Can anyone recommend a reinforcement learning library or framework that can handle large state spaces by abstracting them?
I'm attempting to implement the intelligence for a small agent in a game world. The agent is represented by a small two-wheeled robot that can move forward and backwards, and turn left and right. It has a couple sensors for detecting a boundary on the ground, a couple ultrasonic sensors for detecting objects far away, and a couple bump sensors for detecting contact with an object or opponent. It also can do some simple dead reckoning to estimate its position in the world using its starting position as a reference. So all the state features available to it are:
edge_detected=0|1 edge_left=0|1 edge_right=0|1 edge_both=0|1 sonar_detected=0|1 sonar_left=0|1 sonar_left_dist=near|far|very_far sonar_right=0|1 sonar_right_dist=near|far|very_far sonar_both=0|1 contact_detected=0|1 contact_left=0|1 contact_right=0|1 contact_both=0|1 estimated_distance_from_edge_in_front=near|far|very_far estimated_distance_from_edge_in_back=near|far|very_far estimated_distance_from_edge_to_left=near|far|very_far estimated_distance_from_edge_to_right=near|far|very_far
The goal is to identify the state where the reward signal is received, and learn a policy to acquire that reward as quickly as possible. In a traditional Markov model, this state space represented discretely would have 2985984 possible values, which is far too much to explore each and every one using something like Q-learning or SARSA.

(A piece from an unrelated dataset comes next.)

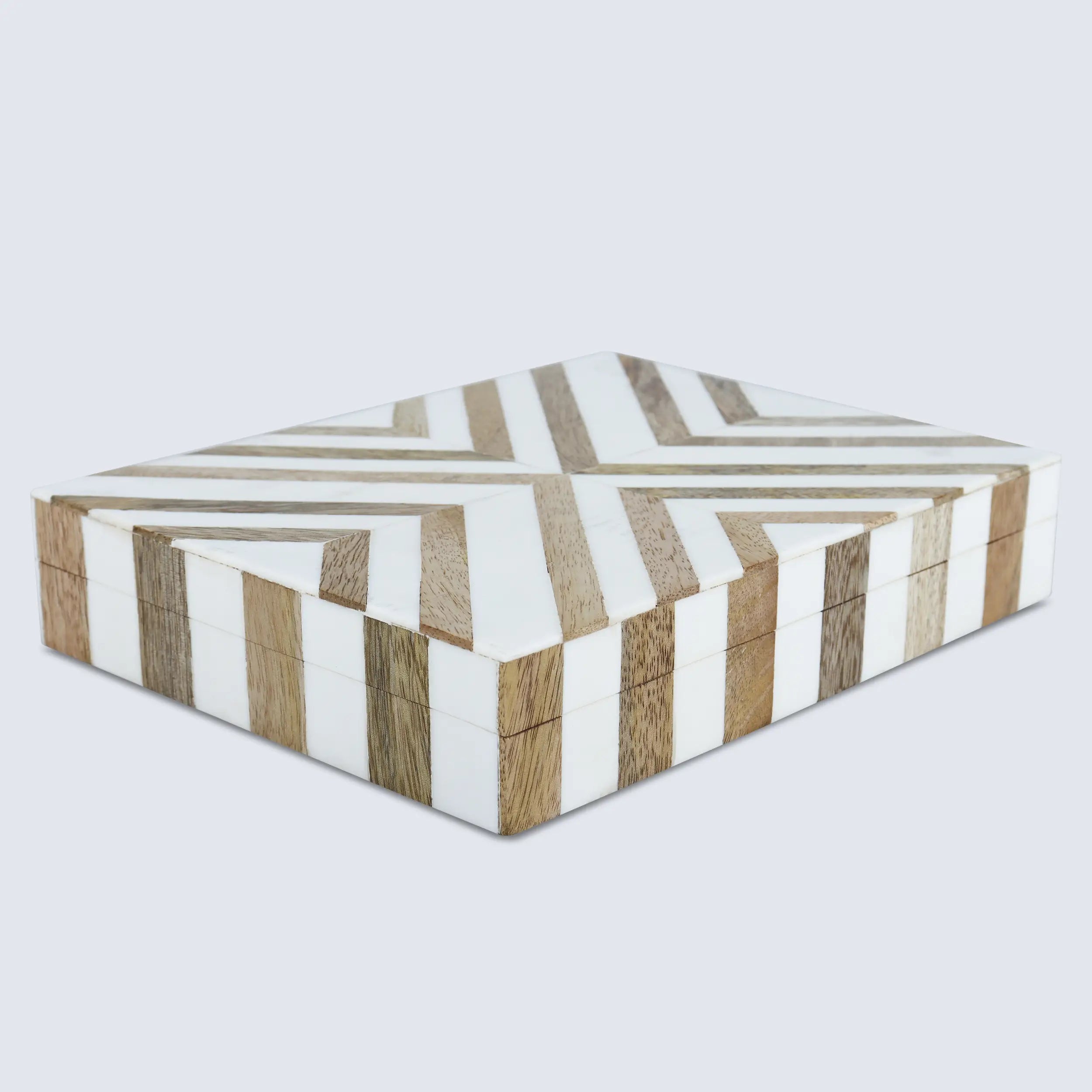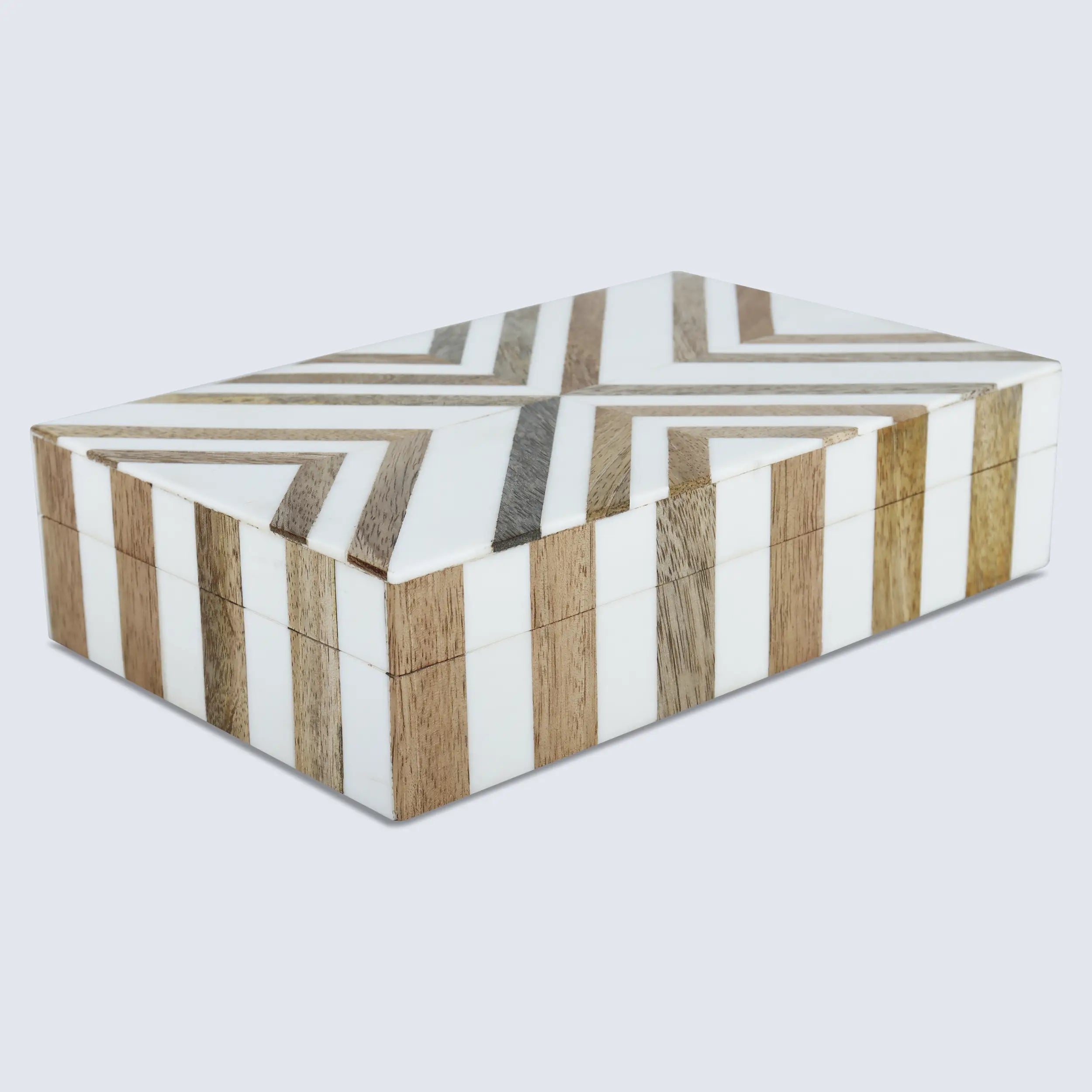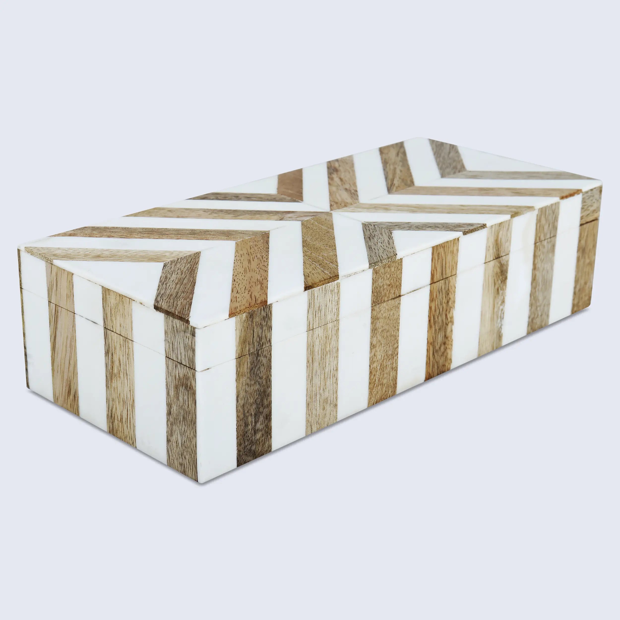 Marquet Chevron Resin & Wood Inlay Decorative Storage Box - 8 Sizes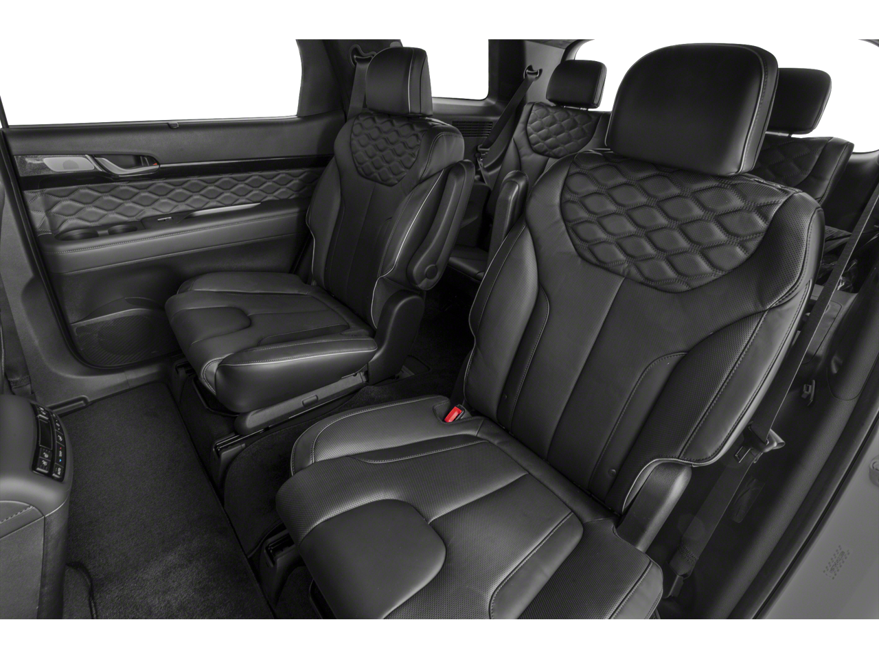 Option Group 01, 12 Speakers, 3.648 Axle Ratio, 3rd row seats: split-bench, 4-Wheel Disc Brakes, ABS brakes, Air Conditioning, Alloy wheels, AM/FM radio: SiriusXM, Apple CarPlay & Android Auto, Auto High-beam Headlights, Auto-dimming Rear-View mirror, Auto-leveling suspension, Automatic temperature control, Brake assist, Bumper Applique, Bumpers: body-color, Cargo Cover/Screen, Cargo Net, Carpeted Floor Mats, Compass, Delay-off headlights, Driver door bin, Driver vanity mirror, Dual front impact airbags, Dual front side impact airbags, Electronic Stability Control, Emergency communication system: Blue Link Connected Car Service (3-year complimentary subscription), Four wheel independent suspension, Front anti-roll bar, Front Bucket Seats, Front Center Armrest, Front dual zone A/C, Front reading lights, Fully automatic headlights, Garage door transmitter: HomeLink, harman/kardon® Speakers, Heads-Up Display, Heated & Ventilated Front Bucket Seats, Heated door mirrors, Heated front seats, Heated rear seats, Heated steering wheel, Illuminated entry, Knee airbag, Low tire pressure warning, Memory seat, Mudguards, Navigation System, Occupant sensing airbag, Outside temperature display, Overhead airbag, Overhead console, Panic alarm, Passenger door bin, Passenger vanity mirror, Power door mirrors, Power driver seat, Power Liftgate, Power moonroof, Power passenger seat, Power steering, Power windows, Premium Nappa Leather Seat Trim, Radio data system, Radio: AM/FM/MP3 Premium Audio System, Rain sensing wipers, Rear air conditioning, Rear anti-roll bar, Rear audio controls, Rear reading lights, Rear window defroster, Rear window wiper, Reclining 3rd row seat, Remote keyless entry, Security system, Speed control, Speed-sensing steering, Split folding rear seat, Spoiler, Steering wheel mounted audio controls, Tachometer, Telescoping steering wheel, Tilt steering wheel, Traction control, Trip computer, Turn signal indicator mirrors, Variably intermittent wipers, Ventilated front seats, Ventilated rear seats, Wheel Locks, and Wheels: 20 x 7.5J Calligraphy Exclusive Alloy.

Can anyone recommend a reinforcement library appropriate for this domain (preferably with Python bindings) or an unimplemented algorithm that I could potentially implement myself?Answer1:
Your actual state is the robot's position and orientation in the world. Using these sensor readings is an approximation, since it is likely to render many states indistinguishable.
Now, if you go down this road, you could use linear function approximation. Then this is just 24 binary features (12 0|1 + 6*2 near|far|very_far). This is such a small number that you could even use all pairs of features for learning. Farther down this road is online discovery of feature dependencies (see Alborz Geramifard's paper, for example). This is directly related to your interest in hierarchical learning.
An alternative is to use a conventional algorithm to track the robot's position and use the position as input to RL.